The Qualtrics 2026 Market Research Trends report put it plainly: researchers who have integrated synthetic data are 11% more likely to engage in early-stage innovation and 7% more likely to conduct go-to-market research compared to those still using only traditional methods. The competitive gap is structural, not temporary.
The Bottom Line on Synthetic Audiences
Getting instant feedback on your next big idea no longer requires waiting for a focus group to be scheduled, recruited, and debriefed.
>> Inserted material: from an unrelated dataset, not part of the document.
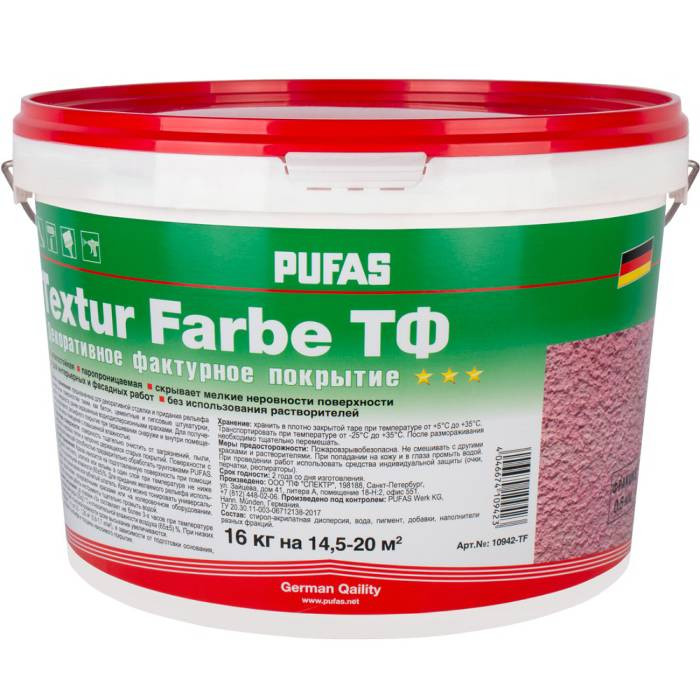 Покрытие декоративное фактурное Pufas Textur Farbe ТФ морозостойкое белое 0,5 мм 16 кг

Synthetic audiences give you a fast, privacy-safe, cost-effective way to test products, campaigns, and messaging before they hit the real world. The accuracy benchmarks from Electric Twin, Kantar, US Bank, and GWI all point in the same direction: when built on robust data, these virtual panels mirror real consumer behavior closely enough to be genuinely useful.
They're not a replacement for talking to real people. They're a first filter. A way to narrow five ideas to one before you spend the budget validating it.
Teams that figure out the hybrid approach now will have a structural research advantage that compounds over time. Those still scheduling focus groups for every preliminary question will always be slower.
The same logic applies to content strategy. Understanding what your audience responds to before you publish, rather than guessing and hoping, is what separates consistent thought leaders from people who post sporadically and wonder why nothing lands.